NGS-Logistics: data infrastructure for efficient analysis of NGS sequence variants across multiple centers

Next-Generation Sequencing (NGS) is a key tool in genomics, in particular in research
and diagnostics of human Mendelian, oligogenic, and complex disorders 1]. Multiple projects now aim at mapping the human genetic variation on a large scale,
such as the 1,000 Genomes Project, the UK 100k Genome Project. Meanwhile with the
dramatic decrease of the price and turnaround time, large amounts of human sequencing
data have been generated over the past decade 2]. As of January 2014, about 2,555 sequencers were spread over 920 centers across the
world 3]. As a result, about 100,000 human exome have been sequenced so far 4]. Crucially, the speed at which NGS data is produced greatly surpasses Moore’s law
5] and challenges our ability to conveniently store, exchange, and analyze this data.

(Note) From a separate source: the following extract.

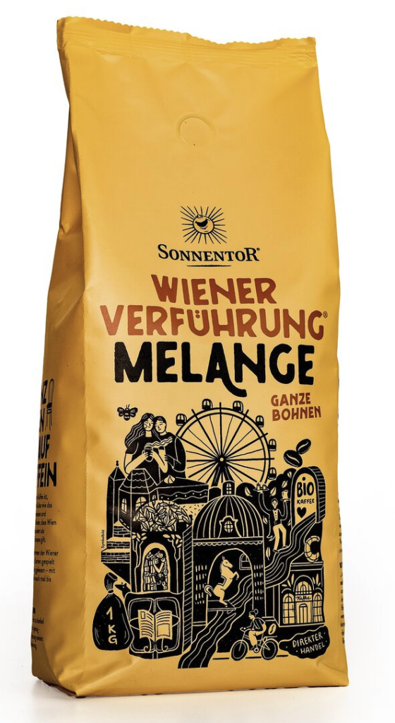 Sonnentor Vídeňské pokušení® Melange, 100 % Arabica, zrnková káva, BIO, 1000 g

Data pre-processing is needed to extract reliable information from sequencing data
and it can be divided into two major steps: primary analysis (image analysis and base
calling) and secondary analysis. When looking for variation in the human genome, secondary
analysis consists of aligning/mapping the reads against the reference genome and scanning
the alignment for variation. Both raw data and mapped reads are large files occupying
significant disk storage space. The collection of files resulting from the analysis
of a single whole genome study can take up to 50Gb of disk space. This raises significant
issues in terms of computing and data storage and transfer, with off-site data transfer
currently being a key bottleneck. Moreover, the analysis of NGS data also raises the
major challenge of how to reconcile federated analysis of personal genomic data and
confidentiality of data to protect privacy. In many situations, the analysis of data
from a single study alone will be much less powerful than if it can be correlated
with other studies. In particular, when investigating a mutation of interest, it is
extremely useful to obtain data about other patients or controls sharing similar mutations.
However, personal genome data (whole genome, exome, transcriptome data, etc.) is sensitive
personal data. Confidentiality of this data must be guaranteed at all times and only
duly authorized researchers should access such personal data.